The flames of racial discrimination after the Civil War were fanned quite well here in HoCo. Jim Crow, a persona of a popular minstrel show performer, started to become popular in the 1830s as a derogatory expression for people of color.
Born and raised in HoCo, Arthur Pue Gorman served as U.S. Senator for Maryland from 1881 to 1899, and again from 1903 to 1906, a total of twenty-two years. Gorman’s father, Peter, a contractor for the B&O constructing their Washington Branch line, owned two slaves (60 and 17 years old) and his mother, Elizabeth A. Brown (maiden name), owned 14 slaves aged between 2 and 24 years old.[i] Since Gorman as a 9-year-old lived with his parents it is natural he would have been supported and raised by these enslaved people on their plantation.

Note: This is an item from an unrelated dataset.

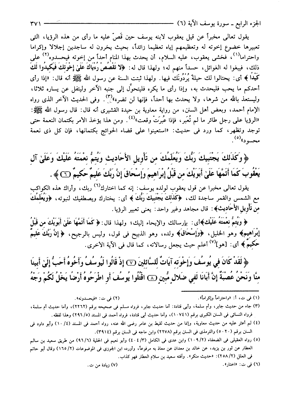 يَقُولُ تَعَالَى مُخْبَرًا عَنْ قَوْلِ يَعْقُوبَ لِابْنِهِ يُوسُفَ حِينَ قَصّ عَلَيْهِ مَا رَأَى مِنْ هَذِهِ الرُّؤْيَا، الَّتِي تَعْبِيرُهَا خُضُوعُ إِخْوَتِهِ لَهُ وَتَعْظِيمُهُمْ إِيَّاهُ تَعْظِيمًا زَائِدًا، بِحَيْثُ يَخِرُّونَ لَهُ سَاجِدِينَ إِجْلَالًا وَإِكْرَامًا وَاحْتِرَامًا (1) فَخَشِيَ يَعْقُوبُ، عَلَيْهِ السَّلَامُ، أَنْ يُحَدِّثَ بِهَذَا الْمَنَامِ أَحَدًا مِنْ إِخْوَتِهِ فَيَحْسُدُوهُ (2) عَلَى ذَلِكَ، فَيَبْغُوا لَهُ الْغَوَائِلَ، حَسَدًا مِنْهُمْ لَهُ؛ وَلِهَذَا قَالَ لَهُ: {لَا تَقْصُصْ رُؤْيَاكَ عَلَى إِخْوَتِكَ فَيَكِيدُوا لَكَ كَيْدًا} أَيْ: يَحْتَالُوا لَكَ حِيلَةً يُرْدُونَك فِيهَا. وَلِهَذَا ثَبَتَتِ السُّنَّةُ عَنْ رَسُولِ اللَّهِ صَلَّى اللَّهُ عَلَيْهِ وَسَلَّمَ أَنَّهُ قَالَ: "إِذَا رَأَى أَحَدُكُمْ مَا يُحِبُّ فَلْيُحَدِّثْ بِهِ، وَإِذَا رَأَى مَا يَكْرَهُ فليتحوَّل إِلَى جَنْبِهِ الْآخَرِ وَلْيَتْفُلْ عَنْ يَسَارِهِ ثَلَاثًا، وَلْيَسْتَعِذْ بِاللَّهِ مِنْ شَرِّهَا، وَلَا يُحَدِّثْ بِهَا أَحَدًا، فَإِنَّهَا لَنْ تَضُرَّهُ" (3) . وَفِي الْحَدِيثِ الْآخَرِ الَّذِي رَوَاهُ الْإِمَامُ أَحْمَدُ، وَبَعْضُ أَهْلِ السُّنَنِ، مِنْ رِوَايَةِ مُعَاوِيَةَ بْنِ حَيْدَةَ الْقُشَيْرِيِّ أَنَّهُ قَالَ: قَالَ رَسُولُ اللَّهِ صَلَّى اللَّهُ عَلَيْهِ وَسَلَّمَ: "الرُّؤْيَا عَلَى رِجْلِ طَائِرٍ مَا لَمْ تُعَبر، فَإِذَا عُبرت وَقَعَتْ" (4) وَمِنْ هَذَا يُؤْخَذُ الْأَمْرُ بِكِتْمَانِ النِّعْمَةِ حَتَّى تُوجَدَ وَتَظْهَرَ، كَمَا وَرَدَ فِي حَدِيثِ: "اسْتَعِينُوا عَلَى قَضَاءِ الْحَوَائِجِ بِكِتْمَانِهَا، فَإِنَّ كُلَّ ذِي نِعْمَةٍ مَحْسُودٌ" (5)
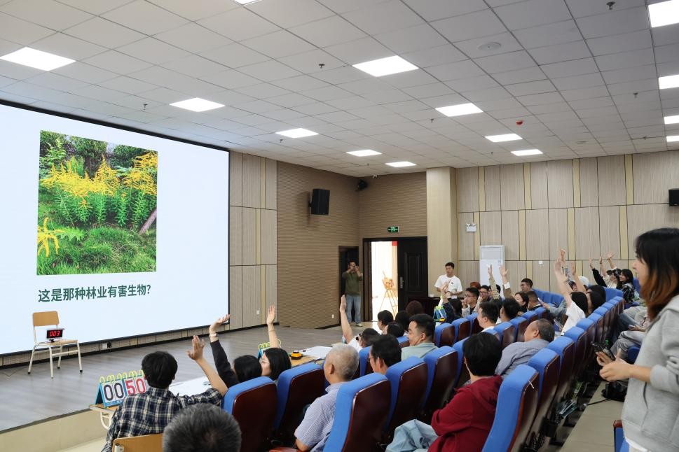 知识竞赛决赛采用PPT答题形式,分为必答题、抢答题和开放式问答三个环节。必答题环节中,各队稳扎稳打,比分始终紧咬;抢答题环节,选手们眼疾手快,频频按响抢答器,现场气氛紧张而热烈;开放式问答环节,各队围绕“如何有效防控松材线虫病入侵校园及周边林区”等议题,提出了多项创新思路,赢得评委与观众的阵阵掌声。

But this is not what distinguished his association with oppression.
Through his father’s political connection Gorman became a shrewd and formidable politician and served as a US Senator from 1881 to 1889 and again from 1903 until his death in 1906. After the 15th amendment was ratified in 1870 the Black vote was mostly against Gorman’s Democratic political party and in favor of the party of Lincoln. As the Black vote grew there was concern that they would tip the balance of elections to the Republicans. Gorman lost the vote in 1889 and was desperate to return to the Senate.
A.P. Gorman knew in 1901 that any proposed amendment to Maryland’s constitution would be legally challenged if it singled out disenfranchisement of just Black voters. So he supported the “Poe Amendment” which had literacy tests that would disqualify many more Blacks than Whites as voters.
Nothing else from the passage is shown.